**WORK INSTRUCTIONS**
Leaving out all pictures, copy the lines below exactly, from the line with "Camiseta negra de" to the last line, both ends included.

**DATASET CONTENT**

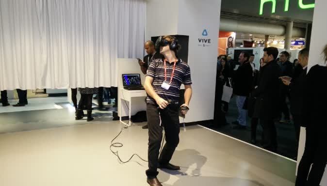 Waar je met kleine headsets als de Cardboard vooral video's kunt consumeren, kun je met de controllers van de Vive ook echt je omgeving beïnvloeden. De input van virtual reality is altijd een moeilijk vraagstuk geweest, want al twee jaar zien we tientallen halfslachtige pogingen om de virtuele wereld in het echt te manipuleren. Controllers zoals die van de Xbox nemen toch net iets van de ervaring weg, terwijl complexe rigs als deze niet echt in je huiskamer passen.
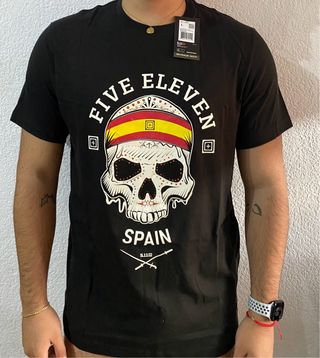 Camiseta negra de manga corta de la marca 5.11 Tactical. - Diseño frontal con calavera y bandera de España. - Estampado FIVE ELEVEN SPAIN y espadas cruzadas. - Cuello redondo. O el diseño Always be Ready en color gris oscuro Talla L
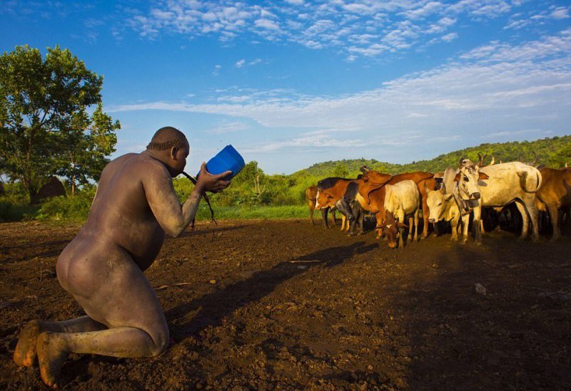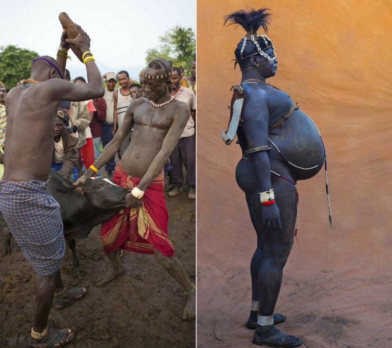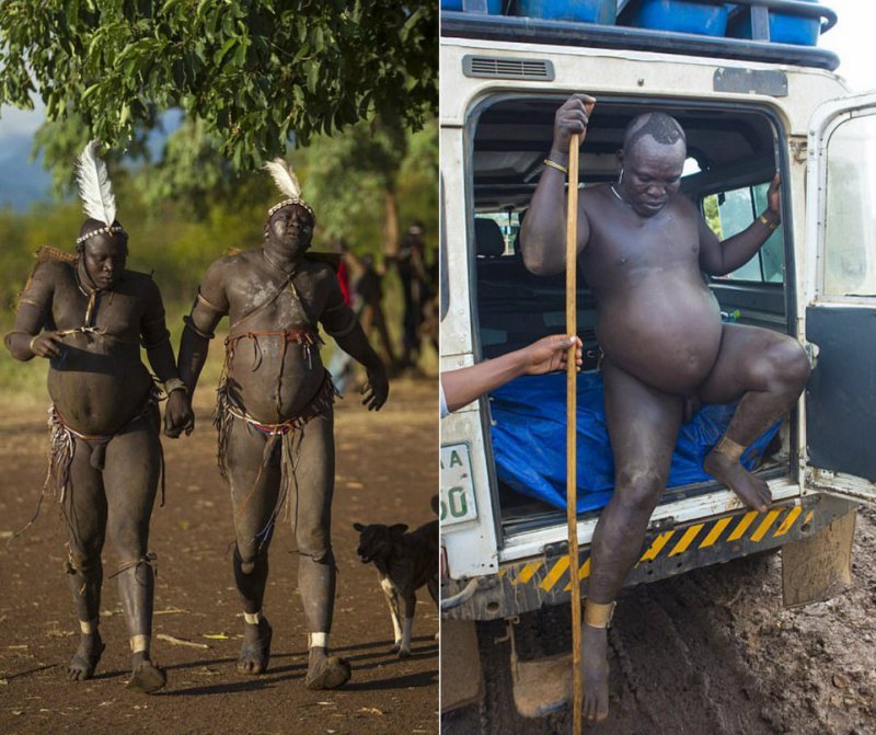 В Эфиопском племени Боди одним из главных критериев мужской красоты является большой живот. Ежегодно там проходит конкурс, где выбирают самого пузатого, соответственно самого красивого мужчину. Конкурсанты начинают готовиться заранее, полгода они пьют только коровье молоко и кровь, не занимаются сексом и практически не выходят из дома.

**OUTPUT OF THE TASK**
 Camiseta negra de manga corta de la marca 5.11 Tactical. - Diseño frontal con calavera y bandera de España. - Estampado FIVE ELEVEN SPAIN y espadas cruzadas. - Cuello redondo. O el diseño Always be Ready en color gris oscuro Talla L
 В Эфиопском племени Боди одним из главных критериев мужской красоты является большой живот. Ежегодно там проходит конкурс, где выбирают самого пузатого, соответственно самого красивого мужчину. Конкурсанты начинают готовиться заранее, полгода они пьют только коровье молоко и кровь, не занимаются сексом и практически не выходят из дома.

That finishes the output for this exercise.